Disclaim : Naruto © Masashi Kishimoto

Warn : Sho-ai, gaje, OOC (Naru cengeng, SakuIno ganas(?)), typo(s), alur cepat, EYD berantakan, etc.

Pair : S.N

Rated : T

Genre : Romance/Hurt/Comfort. Hm~ -_-a

A/N :

/SasuNaru/ : Isi surat.

-2310- : Pergantian waktu dan tempat.

Gak suka? Gak usah buka, apalagi baca.


- Keep Smile Without Me -


Sasuke's POV

"Sasuke, bolehkah aku ikut denganmu?" tanya Naruto takut-takut.

"Tidak," jawabku tegas.

"Kenapa setiap kau pergi aku tidak boleh ikut?"

"Aku mau ke tempat balap motor."

"Ya, aku tahu, karena itu aku mau ikut."

"Di sana berbahaya," Aku berjalan meninggalkannya.

"Tapi, Sasuke…" Dia menahan tanganku. Yah, hampir setiap aku mau pergi, dia selalu begini. Kadang aku geram sendiri, kenapa dia tidak langsung menurutiku saja?

"TIDAK, NARUTO! SEKALI AKU BILANG TIDAK YA TIDAK!" bentakku padanya, aku membanting tangannya yang terus memegangi tanganku.

Aku tahu dia terkejut karena aku membentaknya. Kulihat mata birunya sudah tergenang air mata. Menangis lagi? Aku lelah melihatnya.

"Kenapa kau selalu menangis? Kau hanya bisa menangis, menangis, dan menangis. Kau sudah tahu 'kan? AKU ITU BENCI AIR MATA, NARUTO!" Aku berjalan meninggalkannya begitu saja. Kejam? Memang. Dan perlu kutegaskan sekali lagi, aku BENCI AIR MATA.

.

.

.

Naruto's POV

Sasuke pergi meninggalkanku, dan aku hanya terdiam di tempat—menangis. Mungkin memang benar apa yang dikatakan Sasuke kalau aku hanya bisa menangis.
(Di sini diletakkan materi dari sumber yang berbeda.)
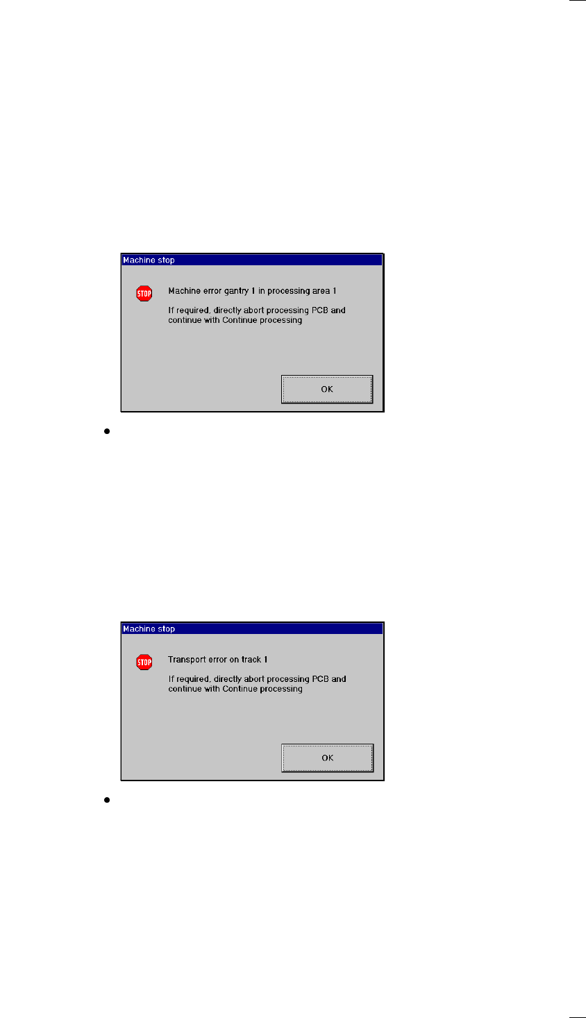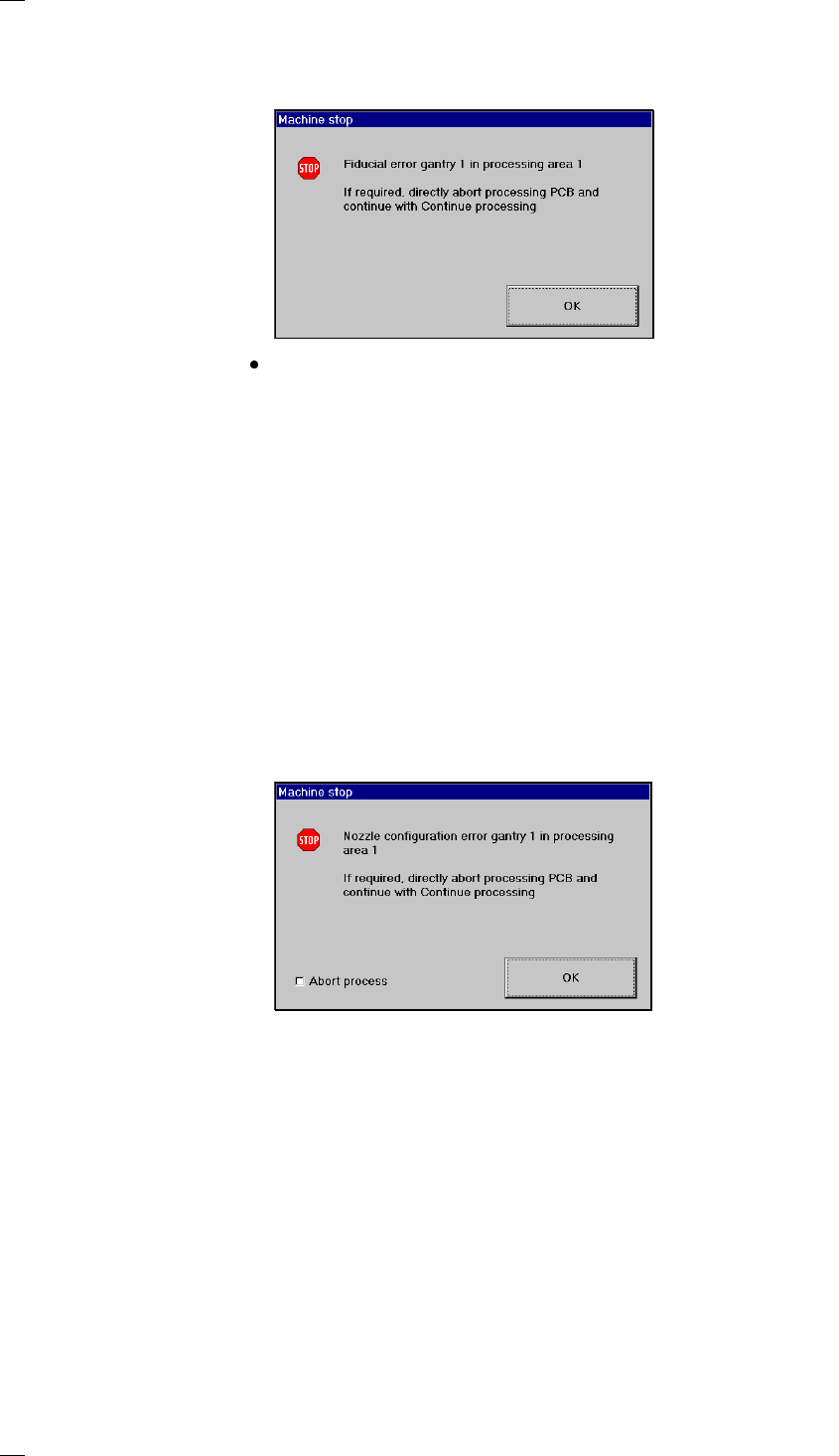 48 Fiducial errors This error me ssage wi ll be displayed if it was not possible to fin d or detect a fiducial. Click on OK to ackn owledge and then sele ct from the fun ctions display ed: Abort proces s. PCB With this f…
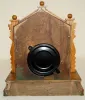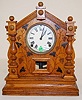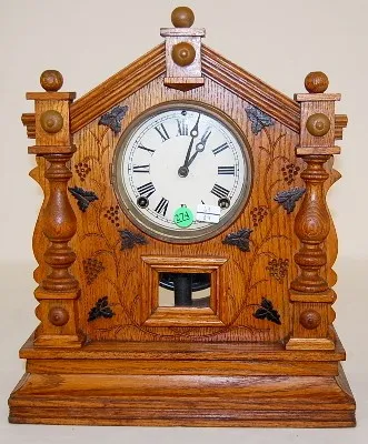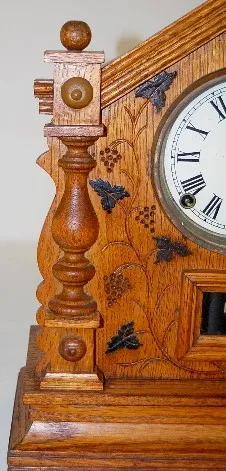 English Oak Grape Carved Cabinet Clock English Oak Grape Carved Cabinet Clock: fancy case; time and strike; 4 1/2" dial; pendulum.

Entahlah, aku pun bingung dengan diriku sendiri, aku sudah sering dibentak seperti ini, tapi aku masih ingin bertahan dengannya, bahkan aku tidak mau kehilangan dirinya. Aku terlalu menyayanginya.


-2310-


Pagi ini aku memasuki kelasku, seperti biasa, kelasku sudah ramai. Aku menuju tempat dudukku, Sasuke belum datang rupanya. Apa kalian bertanya-tanya kenapa aku tidak berangkat bersama Sasuke? Yah, kami memang seperti ini.

Sejak tiga bulan terakhir aku dan Sasuke menjalin hubungan, dia tidak pernah sekalipun menjemputku untuk berangkat bersama, bahkan mengantar pulang pun tidak. Dia berubah. Kenapa aku bilang berubah? Karena aku sudah menjalin hubungan dengannya selama setengah tahun, dan kalian tahu perubahan sikapnya.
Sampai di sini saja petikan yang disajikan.